- _TRY IT_: Could you write out, exactly as they stand, only the lines in the listing below from the line with "Sztuczna inteligencja automatycznie" to the line with "午夜,從墓地回到臺北永和秀朗", both ends included, without the pictures?

- _PROVIDED RECORDS_:
=== Section Start ===

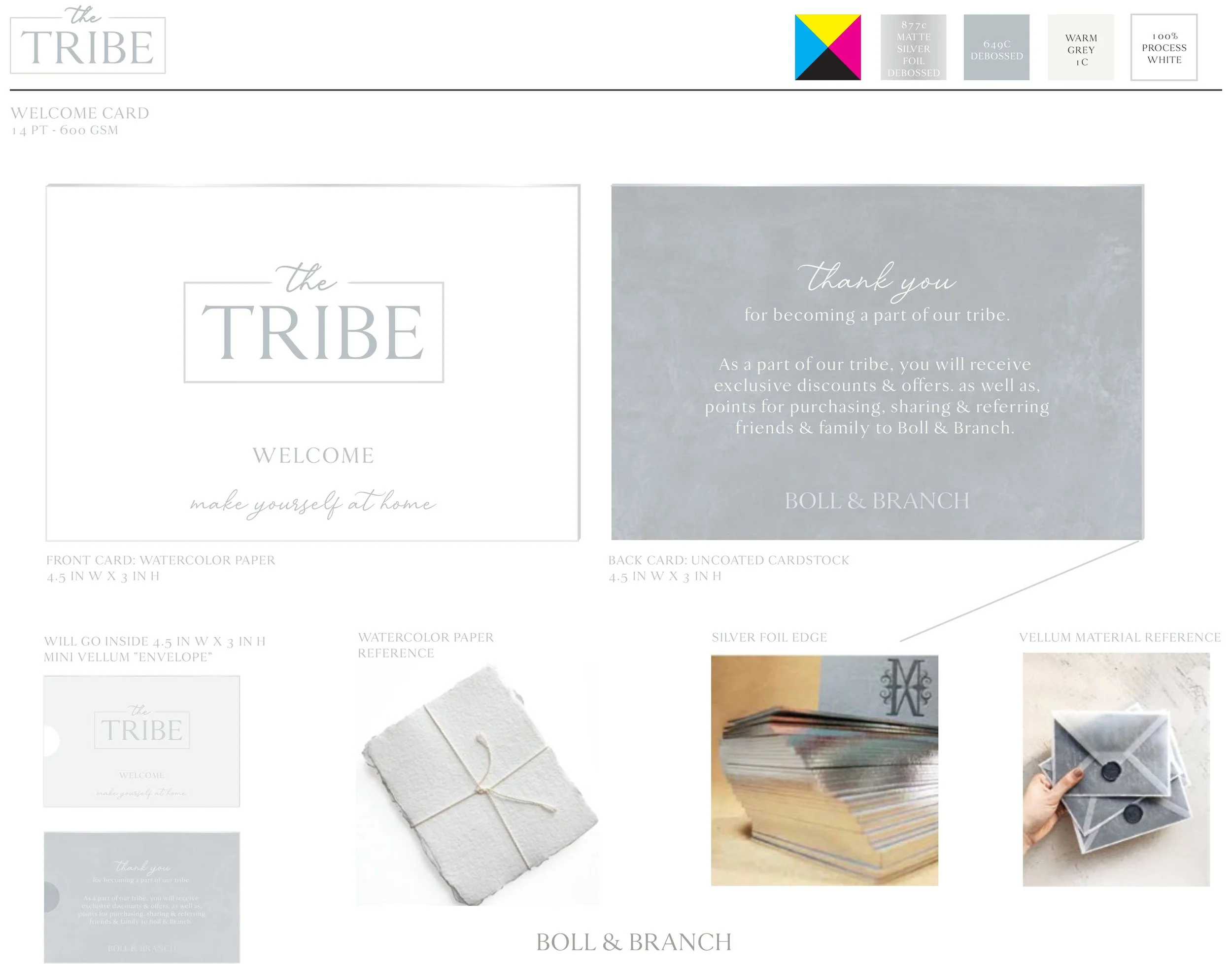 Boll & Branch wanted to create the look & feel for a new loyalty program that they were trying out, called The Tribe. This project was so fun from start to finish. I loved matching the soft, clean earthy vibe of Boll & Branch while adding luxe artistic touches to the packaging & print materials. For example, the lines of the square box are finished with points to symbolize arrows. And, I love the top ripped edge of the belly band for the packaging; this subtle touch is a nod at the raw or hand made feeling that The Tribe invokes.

=== Section End ===
=== Section Start ===

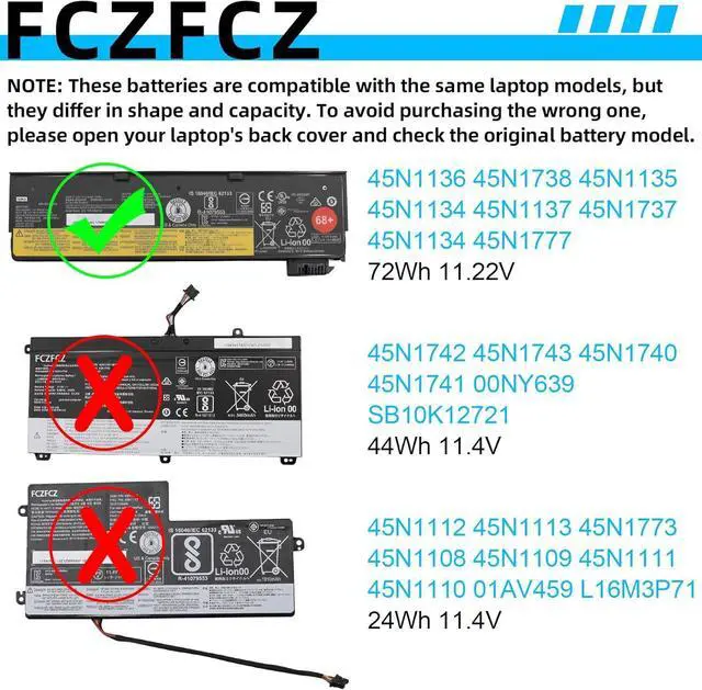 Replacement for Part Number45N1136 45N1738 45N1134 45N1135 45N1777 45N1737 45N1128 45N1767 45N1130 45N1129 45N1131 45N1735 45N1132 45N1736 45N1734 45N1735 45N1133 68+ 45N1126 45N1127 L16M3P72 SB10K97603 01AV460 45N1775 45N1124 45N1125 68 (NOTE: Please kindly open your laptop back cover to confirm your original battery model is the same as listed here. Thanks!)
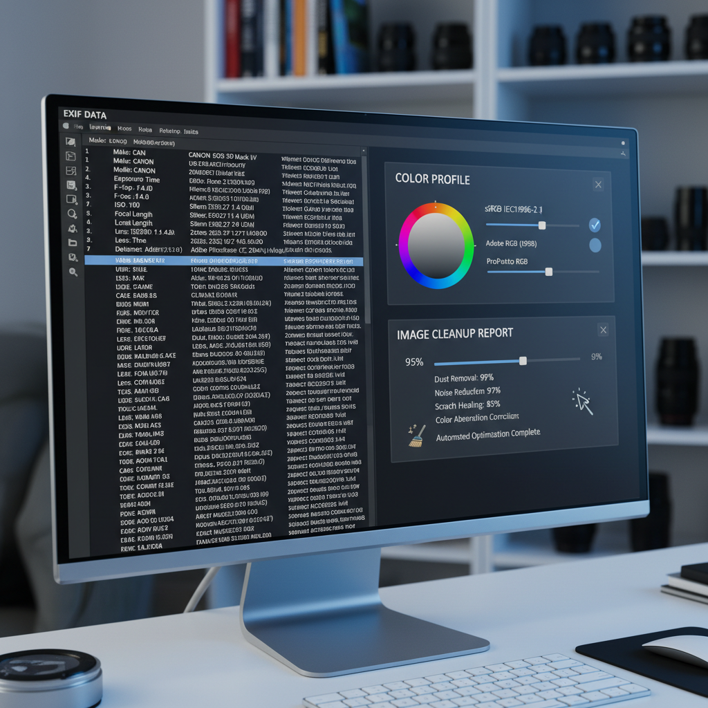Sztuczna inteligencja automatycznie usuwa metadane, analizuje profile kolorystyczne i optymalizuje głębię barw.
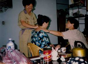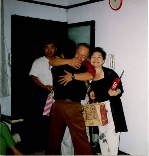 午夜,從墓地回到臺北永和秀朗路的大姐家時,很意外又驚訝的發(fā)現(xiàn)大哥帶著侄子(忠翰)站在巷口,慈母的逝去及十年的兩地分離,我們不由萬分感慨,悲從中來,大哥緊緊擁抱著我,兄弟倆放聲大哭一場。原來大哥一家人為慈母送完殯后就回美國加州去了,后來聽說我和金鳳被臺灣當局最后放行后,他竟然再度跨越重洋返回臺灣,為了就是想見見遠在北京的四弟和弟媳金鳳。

=== Section End ===
=== Section Start ===

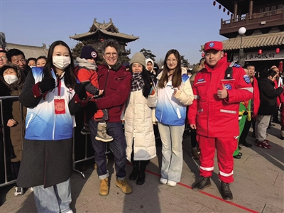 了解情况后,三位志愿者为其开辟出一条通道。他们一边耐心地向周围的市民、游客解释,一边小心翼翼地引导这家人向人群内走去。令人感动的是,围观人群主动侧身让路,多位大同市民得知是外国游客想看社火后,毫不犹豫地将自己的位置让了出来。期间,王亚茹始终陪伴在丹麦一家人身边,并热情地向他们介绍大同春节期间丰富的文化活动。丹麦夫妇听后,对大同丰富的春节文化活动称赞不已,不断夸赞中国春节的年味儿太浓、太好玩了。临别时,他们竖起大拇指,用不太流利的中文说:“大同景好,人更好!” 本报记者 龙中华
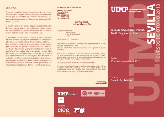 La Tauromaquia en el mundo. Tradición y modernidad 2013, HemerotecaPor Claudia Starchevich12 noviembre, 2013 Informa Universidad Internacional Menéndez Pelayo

=== Section End ===

- _ANSWER BOX_:
Sztuczna inteligencja automatycznie usuwa metadane, analizuje profile kolorystyczne i optymalizuje głębię barw.
 午夜,從墓地回到臺北永和秀朗路的大姐家時,很意外又驚訝的發(fā)現(xiàn)大哥帶著侄子(忠翰)站在巷口,慈母的逝去及十年的兩地分離,我們不由萬分感慨,悲從中來,大哥緊緊擁抱著我,兄弟倆放聲大哭一場。原來大哥一家人為慈母送完殯后就回美國加州去了,后來聽說我和金鳳被臺灣當局最后放行后,他竟然再度跨越重洋返回臺灣,為了就是想見見遠在北京的四弟和弟媳金鳳。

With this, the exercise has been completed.